- Leader: Collective leadership
- Founded: 8 March 2014
- Dissolved: June 2017
- Merged into: The Left
- Headquarters: Ljubljana
- Ideology: Marxism Anti-capitalism Euroscepticism
- Political position: Left-wing to far-left
- National affiliation: United Left
- European affiliation: Party of the European Left
- Colours: red

Website
- http://www.demokraticni-socializem.si/

= Initiative for Democratic Socialism =

The Initiative for Democratic Socialism (IDS, Iniciativa za demokratični socializem) was a Slovenian Marxist party founded on 8 March 2014, and was part of the United Left electoral alliance. Its collective leadership structure without an individual leader, inspired by Occupy Wall Street, was conceived by members of The Workers and Punks University in November 2013, and only allowed for an elected coordinator of the IDS council. Luka Mesec was the first coordinator to be elected. In 2017 the IDS merged with the Party for Sustainable Development of Slovenia (TRS) to form The Left.

==Program==
Its program, based on The Workers and Punks University economic analysis, included regulation of neoliberalism in the short term by making tax rates more progressive, directing funds to public works to lower unemployment, and other ideas associated with social democracy. Their long term goal was the replacement of capitalism with democratic socialism, through policies like workplace democracy and nationalization.
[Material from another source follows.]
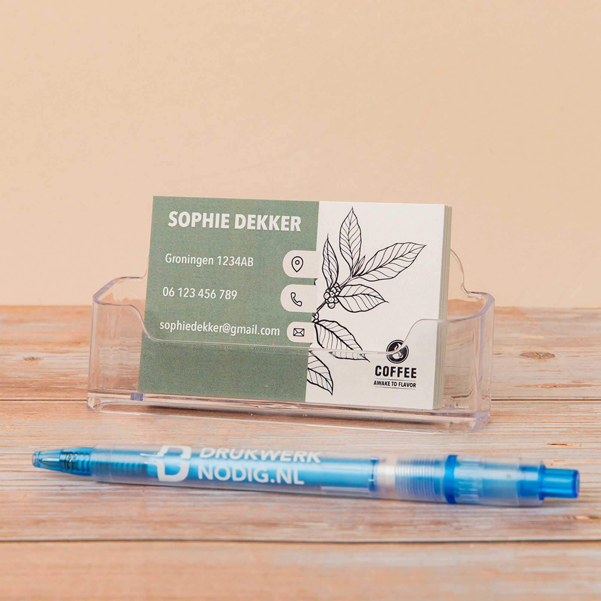Laat visitekaartjes maken met een matte afwerking voor een strakke en professionele uitstraling, glanslaminaat als je opvalt met kleur en contrast, of kies voor soft-touch voor een fluweelzacht gevoel dat luxe uitstraalt. Wil je een duurzamere keuze maken? Dan is er ook te kiezen voor gerecycled papier, dat bijdraagt aan een professionele én milieubewuste uitstraling.

==International partners==
The initiative is linked to the European Left together with other European new anti-capitalist parties, including German Die Linke, French Front de Gauche, and Portuguese Left Bloc.

==2014 Elections==
The United Left, which included the IDS, received 5.47 percent of the vote in the 2014 European Parliament election and 6.0 percent of the vote in the 2014 Slovenian parliamentary election.